I went in my bedroom & checked on my "aquatic roommates". Magma, my Betta was busy playing with the duckweed floating in his tank The Assassin Snails were bumming around. But two of my ADFs were literally hanging out above the water surface! :shock: The other one was hanging out in the space between the heater & the tank back, in the water. Why would the other two hang out above the water surface (not just a brief nose above water line breather)? Is it ok for them to do that? How long can they be out like that before I can get seriously concerned?


----------



## lilnaugrim (Mar 27, 2013)

My frogs would border hop in the 20. They'd literally climb the craft mesh and get over onto the other side so you're are probably just seeing the ledge and thinking they can go out and explore. I'd keep an eye on them just in case. Don't want them drying out! Have you tested your water lately? Done your regular water changes? Sometimes certain animals will try to escape an environment if it is not to their liking.


----------



## adlemsi (Jul 3, 2015)

The one on the right side came down on his own. I ended up tapping the other one gently to go down because it was freaking me out seeing him clinging to the edge without moving. He's swimming around like normal now. I haven't tested the water yet today. I have more time in the evenings for maintenance & testing. I'll get to it now.


----------



## adlemsi (Jul 3, 2015)

I tested the water: 7.6 pH, 0ppm Nitrate/Nitrite, Ammonia was slightly above 0ppm but not quite 0.25ppm. I did a 50% water change just to be safe.


----------



## lilnaugrim (Mar 27, 2013)

Okay  Sounds fine.


----------



## adlemsi (Jul 3, 2015)

They really freaked me out!

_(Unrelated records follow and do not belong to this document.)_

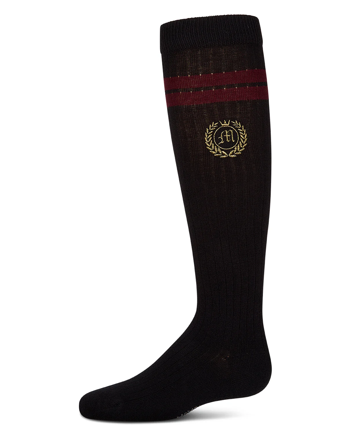 Does she love today’s posh preppy look? She’ll appreciate these trendy girls’ knee socks. They’re specially crafted for comfort in our cozy cotton-rich knit, complete with vertical ribbing for flexible custom fit. Plus, they boast tasteful traditional stripes and a classic embroidered crest for that vintage varsity vibe.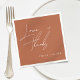 Guardanapos de papel modernos e elegantes com escrita rústica em terracota "amor + obrigado" com os nomes dos noivos para casamentos ou qualquer ocasião especial.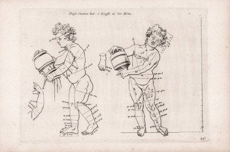 Opera tratta dalla celebre ' Academia Todesca della Architectura, Scultura & Pittura: oder Teutsche Academie der Edlen Bau, Bild-und Mahlerey-Künste, raccolta monumentale, riccamente illustrata da centinaia di incisioni raffiguranti antichità, architettura e mitologia classica, edita a Norimberga e Francoforte tra il 1675 ed il 1680. ' Per le incisioni, il Sandrart si avvalse dei suoi collaboratori Karl Gustav von Amling (1650-1703); Philip Kilian (1628-1693); Richard Collin (1627-97); Georg Andreas Wolfgang (1631-1716); Johann Georg Waldreich (d.1680); Melchior Küsel (1626-1683); Franck, Johann (fl.1659-1690); George Christoph Eimmart (1638-1705); Susanna Maria von Sandrart (1658-1716); Bartholomäus Kilian (1630-1696). L'opera è piena di illustrazioni di edifici romani antichi e moderni, scultura, teoria della pittura, biografie di artisti, tra cui artisti tedeschi e contemporanei (cioè del XVII secolo), e antichità. Joachim von Sandrart fu un pittore di una certa importanza, ma è per la sua ' Teutsche Academie ' che è principalmente ricordato. Il suo compendioso trattato include sezioni sulla scultura antica e l'architettura, la prospettiva, la teoria della pittura, biografie di artisti, una traduzione delle Metamorfosi di Ovidio e così via. La seconda parte del Libro I pretende di dare una storia dell'arte dalle sue prime origini, e si apre con un'incisione di due scene di racconti leggendari della scoperta del disegno. L'opera è dedicata alla nazione tedesca di fama mondiale e ai campioni e amanti dell'arte ('Der Welt-berühmten Teutschen Nation . Kunst-Helden und Kunstliebenden'). Acquaforte, con margini, ottimo stato di conservazione. Bibliografia National Gallery (Washington), ' Mark J. Millard, III (1998), no. 111; F.W. H. Hollstein, ' German engravings . ca. 1400-1700 ' (1954-), 38-41; Anna Schreurs, ' Unter Minerva schutz: bildung durch kunst in Joachim von Sandrarts 'Teutscher Academie' ' (2012). Plate taken fom the monumental ' Academia Todesca della Architectura, Scultura & Pittura: oder Teutsche Academie der Edlen Bau, Bild-und Mahlerey-Künste ' (Deutsche Academy of Architecture - Sculpture – Painting). ' The first edition, in German, was published by Joachim von Sandrart in Nuremberg, in three volumes respectively in 1675, 1679 and 1680.For the plates Sandrart used his students as and many others artist as ' Karl Gustav von Amling (1650-1703); Philip Kilian (1628-1693); Richard Collin (1627-97); Georg Andreas Wolfgang (1631-1716); Johann Georg Waldreich (d.1680); Melchior Küsel (1626-1683); Franck, Johann (fl.1659-1690); George Christoph Eimmart (1638-1705); Susanna Maria von Sandrart (1658-1716); Bartholomäus Kilian (1630-1696). The work is full of illustrations of ancient and modern Roman buildings, sculpture, the theory of painting, biographies of artists, including German and contemporary (ie seventeenth-century) artists, and antiquities. Joachim von Sandrart was a painter of some note but it is for his ' Teutsche Academie ' that he is chiefly remembered. His compendious treatise includes sections on ancient sculpture and architecture, perspective, the theory of painting, artists’ biographies, a translation of Ovid’s Metamorphoses and so on. The second part of Book I purports to give a history of art from its earliest origins, and opens with an engraving of two scenes of legendary accounts of the discovery of drawing. ' The frontispiece to Volume I is signed as drawn by J. de Sandrart and engraved by C.G. Amling; that of Volume II is signed as drawn by Sandrart and engraved by R. Collin. The portrait in Volume I is signed as painted by J.U. Mair and engraved by P. Kilian; that in Volume II is signed as engraved by R. Collin. Many plates are signed as drawn by Sandrart and engraved by R. Collin or other engravers (J. Franck, G.A. Wolfgang, J.G. Waldreich, I.I. Thourneyser, Melchior Küsell, G. C. Eimmart, B. Kilian, Jacob Sandrart, Joh. Meyer, Susanna von Sandrart, J.A. Boener, C. Meyer). Many plates are unsigned.The work is dedicated to the world-renowned German nation and to champions and lovers of art ('Der Welt-berühmten Teutschen Nation . Kunst-Helden und Kunstliebenden'). Etching with margins, very good condition. References National Gallery (Washington), ' Mark J. Millard, III (1998), no. 111; F.W. H. Hollstein, ' German engravings . ca. 1400-1700 ' (1954-), 38-41; Anna Schreurs, ' Unter Minerva schutz: bildung durch kunst in Joachim von Sandrarts 'Teutscher Academie' ' (2012). Cfr.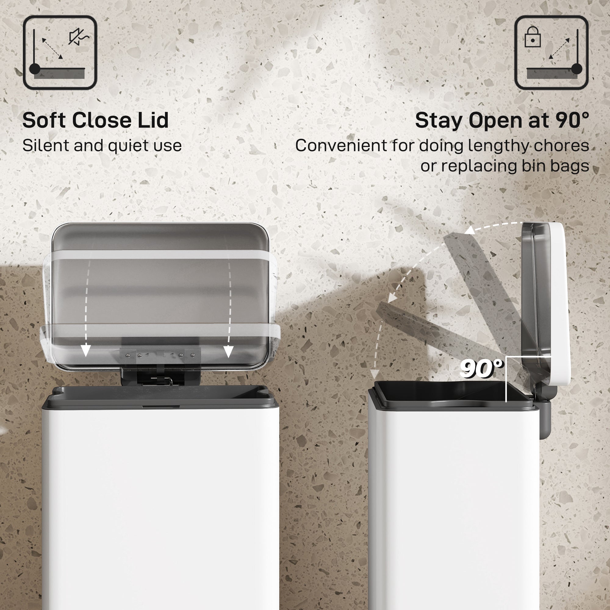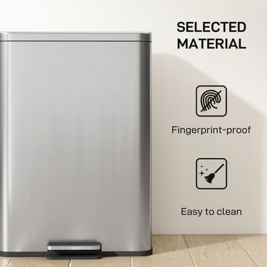 Tired of a bulky, noisy garbage can that clutters your space and demands constant cleaning? The disruptive slam of the lid shatters your peace, while smudges ruin your kitchen's clean look. The HOMCOM garbage bin solves this by fitting neatly into corners, closing silently for a tranquil home, and featuring a fingerprint-resistant finish. It brings a sense of calm and effortless order back into your daily life.

I kept tapping on the large critter keeper they're in, saying "Hey, you guys are aquatic!" "You can't be out of water for too long!" "Hey, you're not going to be suicidal on my watch!"


----------



## adlemsi (Jul 3, 2015)

OMG, now they're swimming all over the tank like they're in a crazy pool party! LOL! They look so cute!


----------



## InStitches (May 26, 2014)

hyper froggies


----------



## adlemsi (Jul 3, 2015)

Definitely! Specially the female! It looks like she's doing water aerobics while on hyper drugs, LOL!


----------



## DaytonBetta (Feb 4, 2014)

Wow, I've never seen them try to climb out, but I keep my water level high. I think it's good that you did a water change. 

They are so cute!


----------



## adlemsi (Jul 3, 2015)

That's the first time I've seen them do that. It was only the two males. The female tends to be the more adventurous one, swimming up & lounging on top of the Anubias leafs, climbing the near the top of the heater, & standing on top of the filter (it's below water level) for a breather. But I've never seen her cling to the top edge like the males did yesterday.


----------